(Washington) Une école qui place la Bible au cœur de tous ses cours et refuse les élèves homosexuels peut-elle bénéficier de subventions publiques ? La Cour suprême a débattu mercredi de cette question très clivante aux États-Unis.  

Lors d’une audience de deux heures, sa majorité conservatrice (six juges sur neuf) a semblé sceptique face à un dispositif d’aides publiques en vigueur dans l’État du Maine qui exclut les écoles confessionnelles.

Cet État étant peu peuplé, plus de la moitié de ses districts scolaires n’ont pas d’école secondaire publique. En échange, les familles touchent des subsides qu’elles peuvent utiliser pour envoyer leurs enfants dans des établissements de leur choix.

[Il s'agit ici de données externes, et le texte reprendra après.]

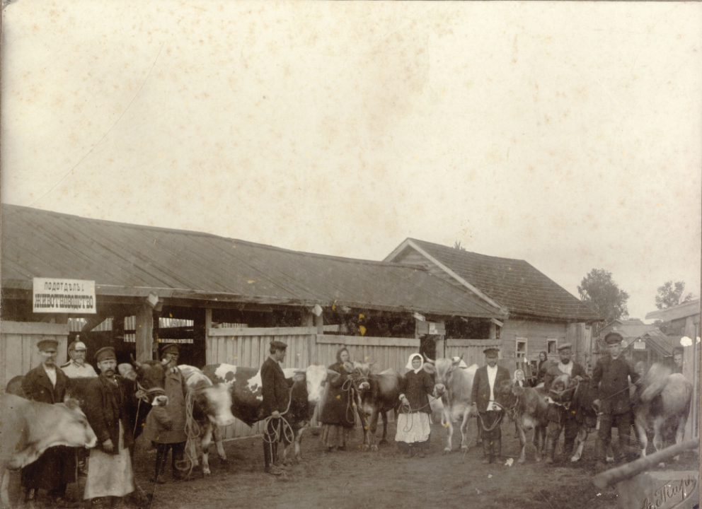 Группа крестьян с коровами около павильона животноводства Мологской Уездной сельскохозяйственной и кустарной выставки 1912 года
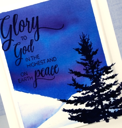 To create this little winter scene I stamped the tree in a mix of two greens and added water to blend the greens and add the shadow to the snow. To make the snowbank below the trees I partially inked the trees so the trunks weren’t stamped then painted some blue ink around the branches and as a sharp edge below the branches.
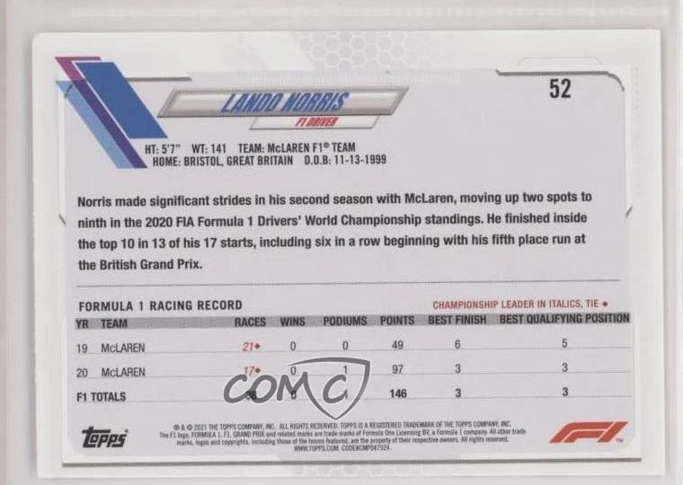2021 Topps Formula 1 - [Base] #52 F1 Drivers - Lando Norris - Racing Card - Featuring the McLaren Formula 1 Team - Featuring Lando Norris Search for more: 2021 Topps Formula 1 Search for more: 2021 Topps Formula 1 - [Base] View all of our Listings Auctions Buy It Now About Us Located in the beautiful Pacific Northwest, COMC (Check Out My Cards) is the world's largest consignment service for trading card singles. More than 10,000 people have used our consignment service to list over 50 million trading cards. We currently house 20 million cards, each listed for sale with front and back images of the actual card. Find out how we can help you consign your items on eBay by contacting us through eBay messaging. COMC -- "The Safe & Easy Way to Buy & Sell" Representative Image - Select Specific Item above to see image of actual item Representative Image - Select Specific Item above to see image of actual item Raw Condition for Modern Cards Unless otherwise noted, raw modern cards are listed in Near Mint-Mint condition or better. A NM-MT card appears to be Mint at first glance, but upon closer inspection, may exhibit some of the following: minor print defects (e.g. roller marks, print line, dimple), minor scratches, slight edge wear, and slight corner wear. Centering is clearly visible in the images provided and does not factor into our condition assessment. Raw Condition for Vintage Cards Unless otherwise noted, raw vintage cards are listed in Excellent condition or better. An EX card may exhibit some of the following: minor rounding of corners, surface wear, print defects, light scratches, and slight edge wear/chipping. Centering is clearly visible in the images provided and does not factor into our condition assessment. Domestic Shipping Combined shipping for multiple items is available. To receive combined shipping, please ensure all desired items are in your eBay shopping cart before proceeding to checkout. eBay limits orders to 40 items per order. We automatically combine multiple orders placed on the same day. If you place multiple orders on the same day, please contact us to request a refund of applicable shipping costs. Signature confirmation may be required on invoices over $400. Raw cards are shipped in toploaders. International Shipping COMC offers eBay's International Shipping (EIS) for international orders under $2,500* (see country exceptions below). All duties and import fees are paid at checkout; in the rare event that there are additional import fees upon delivery, these are borne by the buyer. EIS packages route through a shipping hub in Erlanger, KY before shipping to their final destination. Please note that EIS does not allow for combined shipments. The shipping rates are determined by eBay and cannot be adjusted. *Maximum sale price exceptions: Colombia, Kuwait ($2,000); Taiwan ($1,539); Chile, Costa Rica, Guatemala, Honduras, Trinidad and Tobago ($1,000); Antigua and Barbuda, Aruba, Belize, Dominica, Grenada, Philippines, Saint Kitts and Nevis, Saint Lucia, Montserrat, Turks and Caicos Islands ($500); Dominican Republic, El Salvador ($200). Please request a shipping quote through eBay messaging for orders that exceed the maximum sale price supported by eBay's International Shipping. You will be responsible for all duties and import fees for international orders shipped outside the EIS. Raw cards are shipped in toploaders. Payment COMC does not accept offers on our cards through our eBay storefront. COMC utilizes eBay’s managed payments system. If you are experiencing difficulties making a payment, please contact eBay for assistance. Return Policy Returns are only accepted on the rare occasion the item is not as described. If you are making a return, please initiate the return process through eBay so a mailing label can be provided for you. Prior to listing, our expert team carefully assessed this item to represent it accurately. Please review the description and high-definition images prior to purchasing to ensure this item meets your satisfaction. We welcome you to contact us if you have further questions about this item. Trust and Integrity COMC carefully assesses each item consigned to us to prevent fraudulent items from entering the marketplace. If you believe an item offered on COMC may be fraudulent, please contact us with details so we can investigate the issue. Items we determine are outside our supported items policy may be removed. Last Modified: 11/30/2024 11:02:49 PM PDT

Elles peuvent opter pour des écoles publiques ou privées, dans ou hors de l’État, et même pour des écoles affiliées à des églises, à condition que l’enseignement n’y soit pas « sectaire », c’est-à-dire orienté par « le prisme de la foi », a expliqué son représentant.  

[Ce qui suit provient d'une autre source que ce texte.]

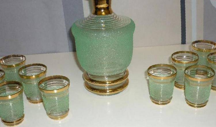 Стекло. Хороший выбор для повседневного пользования – простой и практичный. Украсит стол и сервант и послужит удобным сосудом для горячительного к трапезе. Стоимость изделия от 2 долларов.
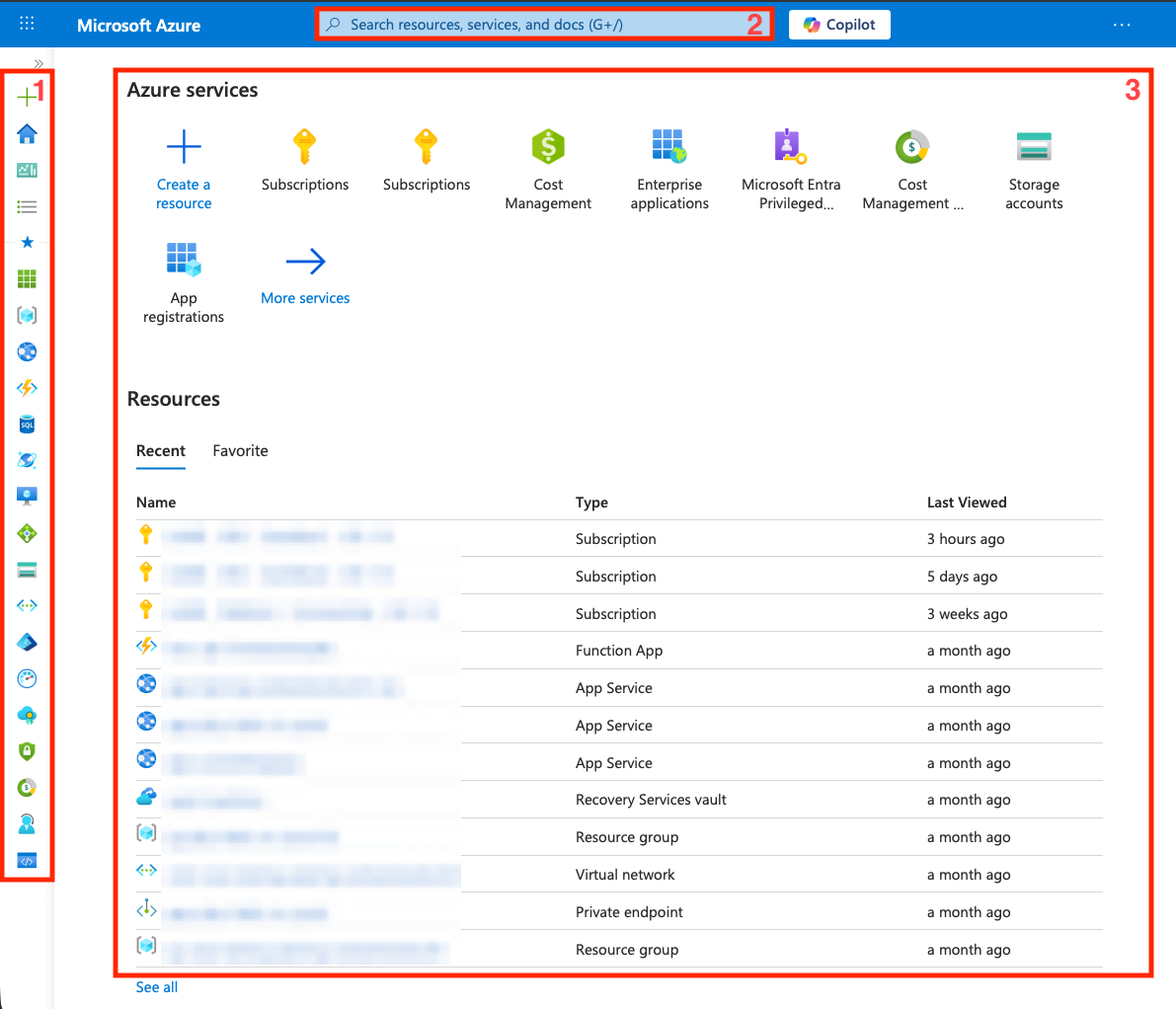 - Collapsible portal navigation with a list of Azure Services. This menu is configurable and displays the favorited services.
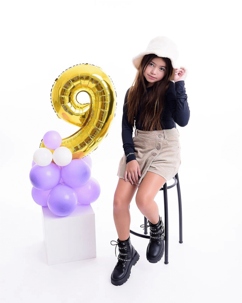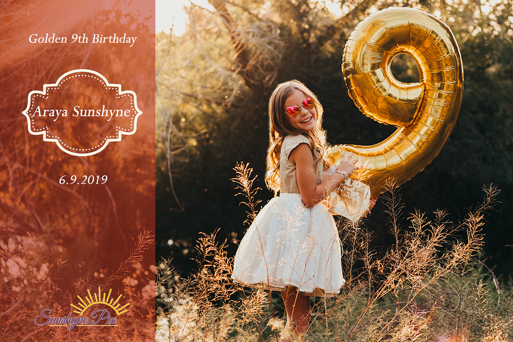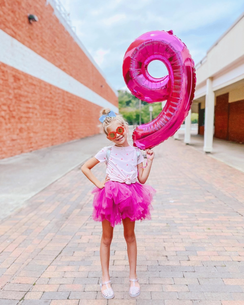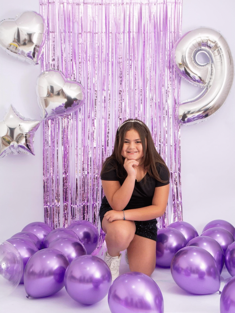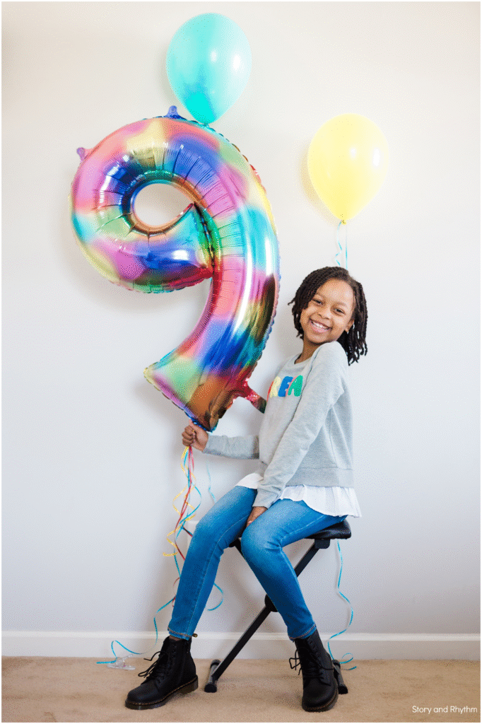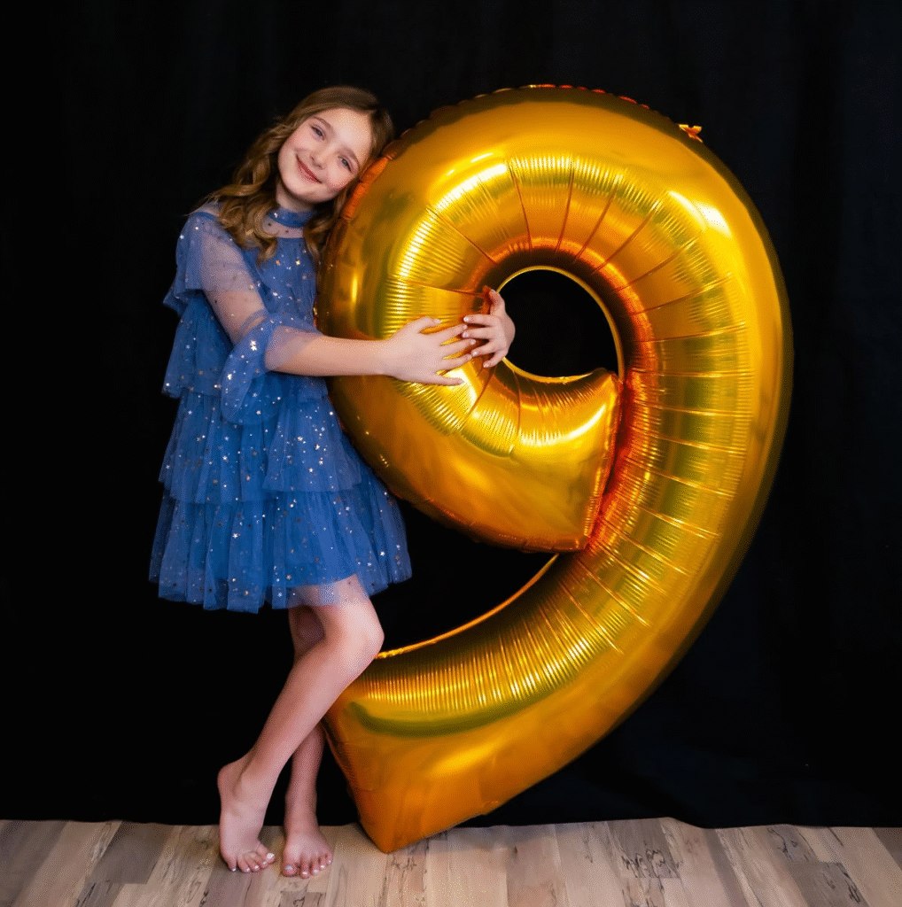 This concept marks 9th birthday girls with balloons, props, or signage.

C’est ce dernier point qui est contesté : deux familles évangéliques chrétiennes ont saisi la justice pour pouvoir utiliser ces fonds publics afin d’envoyer leurs enfants dans des écoles confessionnelles exclues du dispositif.

L’une de ces écoles « enseigne aux enfants que le mari est le chef du foyer » et que « Dieu est le créateur du monde », l’autre utilise la Bible dans toutes les matières. Les deux mêlent instruction religieuse et académique et refusent élèves et employés homosexuels, selon des documents judiciaires.

Les deux camps invoquent le premier amendement de la Constitution, qui garantit la liberté religieuse, mais interdit toute loi « ayant pour effet l’établissement d’une religion ».

Soutien des républicains

Les parents, soutenus par une dizaine de sénateurs républicains, une vingtaine d’États conservateurs et de nombreuses institutions religieuses, s’appuient sur la première partie pour défendre leur droit de choisir une école conforme à leurs valeurs et dénoncent une discrimination antireligieuse.

Plusieurs juges conservateurs ont abondé dans leur sens mercredi. Un « fonctionnaire » dans un bureau décide quelles écoles sont exclues et « discrimine les convictions religieuses minoritaires, celles qui ne sont pas orthodoxes », a notamment déclaré Neil Gorsuch.

Le représentant du Maine, soutenu par le gouvernement du président démocrate Joe Biden, a rétorqué que la seconde clause du premier amendement oblige l’État à être « neutre » et empêche d’utiliser des fonds publics pour financer une religion.

Les trois juges progressistes ont mis en garde contre le risque de « conflits » si cette règle devait changer : « il y a des gens qui ne vont pas comprendre pourquoi l’argent de leurs impôts finance des écoles qui discriminent ouvertement » les minorités sexuelles, a notamment dit la juge Elena Kagan.  

Place des parents dans l’école

Ce dossier s’inscrit dans un débat plus large, actuellement très vif aux États-Unis, sur la place des parents dans le système scolaire. Il se cristallise sur l’obligation de porter un masque contre la COVID-19, les enseignements antiracistes mis en place après les grandes manifestations de l’été 2020 et la place des élèves transgenres.  

La Cour suprême doit rendre sa décision d’ici juin. Avec d’autres dossiers sensibles sur l’avortement ou les armes à feu, elle permettra de mesurer l’influence des trois juges nommés par l’ex-président républicain Donald Trump en son sein.